The CRASH trial was a large simple controlled trial completed in 2005, in which 10,000 TBI patients with a Glasgow coma scale (GCS) ≤14 were randomized to methylprednisolone or placebo within 8 h of injury [33]. Instead of a beneficial effect, the risk of death or severe disability was found to be higher in the steroid group. These data provided the metaphorical “last nail in the coffin” for the use of steroids in the treatment of TBI [34].
NMDA-receptor antagonists
High concentrations of the excitatory neurotransmitter glutamate can destroy neurons. It has been shown that high concentrations of glutamate [100–500 μM] can induce cell death in vitro and that similar extracellular concentrations are present in the rodent brain and spinal cord during ischemia or trauma [5, 6, 7•, 8, 35]. It was therefore hypothesized that glutamate N-methyl-d-aspartate (NMDA) receptor antagonists should improve outcomes after TBI and stroke. Preliminary animal work was done in both ischemic stroke and various models of TBI. Some of the TBI models showed neuroprotective effects only if administered before injury but not following injury [36]. Several clinical trials involving NMDA receptor antagonists such as aptiganel, dextromathorphan, dizocilpine, eliprodil, gavestinel, licostinel and selfotel were initiated, only to be halted prematurely, or failed to demonstrate efficacy in clinical trials of stroke or traumatic brain injury. The results of these same trials were either inadequately reported or never reported at all in the scientific literature (aptiganel, eliprodil, and EAA). Indeed, some trial data suggested that agents in this class may in fact have had a neurotoxic effect [35].
Glutamate agonists
Glutamate receptors are highly expressed on microglia, astrocytes, as well as on neurons. Glutamate agonists have been found to inhibit caspase-dependent apoptosis in many in vitro and in vivo models. They have also been found to attenuate microglial inhibition of NADPH oxidase. Early treatment with glutamate agonists in the laboratory setting showed good neuroprotection after TBI. Fhe mGluR5 agonist, (RS)-2-chloro-5-hydroxyphenylglycine (CHPG), is neuroprotective and has anti-apoptotic properties in neuronal cell culture and microglial culture models. Loane et al. have also shown good in vivo neuroprotection results in animal models, and current clinical trials are underway [37].

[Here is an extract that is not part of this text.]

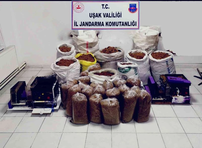 Uşak’ta jandarma ekiplerince bir evde yapılan aramada 310 kilograma yakın kaçak tütün ve 60 binden fazla makaron ele geçirildi.

The NMDA partial agonist d-cycloserine has been shown to be beneficial in animal models as well. Adeleye et al. have shown good results in a mouse study with d-cycloserine administration within 24 h of TBI [38]. The role of glutamate in TBI is interesting in that both glutamate antagonists and agonists have been shown to impart benefit in various models. In a laboratory study in rats, Fei et al. [39] found that both glutamate antagonists and agonists improved neurological severity score, reduced cerebral edema, and decreased neuronal loss following induced TBI. These opposite effects may reflect the unique sensitivity of the nervous system.

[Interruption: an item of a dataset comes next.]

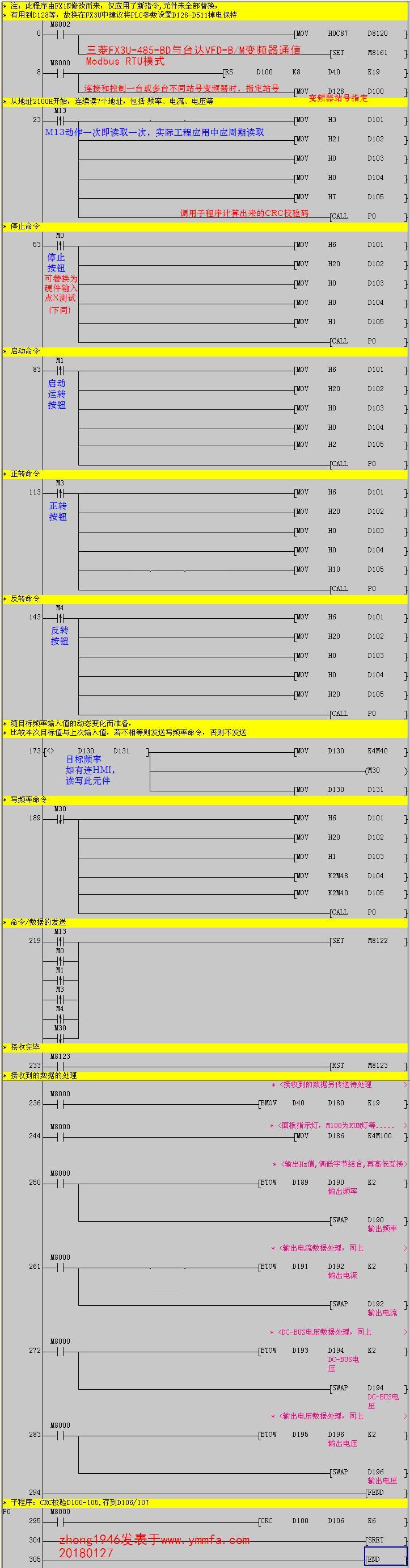 本人新手,現有三菱  FX3U-64MT/ES-A PLC一臺,FX3U-485-BD一個,VDF015B21A臺達變頻器一個。求大神幫助!!!

Oxygen free-radical scavengers
A multicenter double-blinded randomized trial involving two different doses of pegorgotein vs. placebo following TBI was conducted in the mid-1990s [40]. Four hundred sixty-three patients were enrolled, and there was no statistically significant difference between the two groups in neurologic outcome or mortality at 3 or 6 months after TBI. Post hoc analysis of patients with GCS > 3 showed a trend toward favorable outcomes in patients who were given the lower dose of pegorgotein (10,000 units/kg), though this difference was not significant. The trial itself was underpowered, given the three different treatment arms, but despite this and the potentially favorable outcomes, pegorgotein was ultimately abandoned as a treatment for TBI.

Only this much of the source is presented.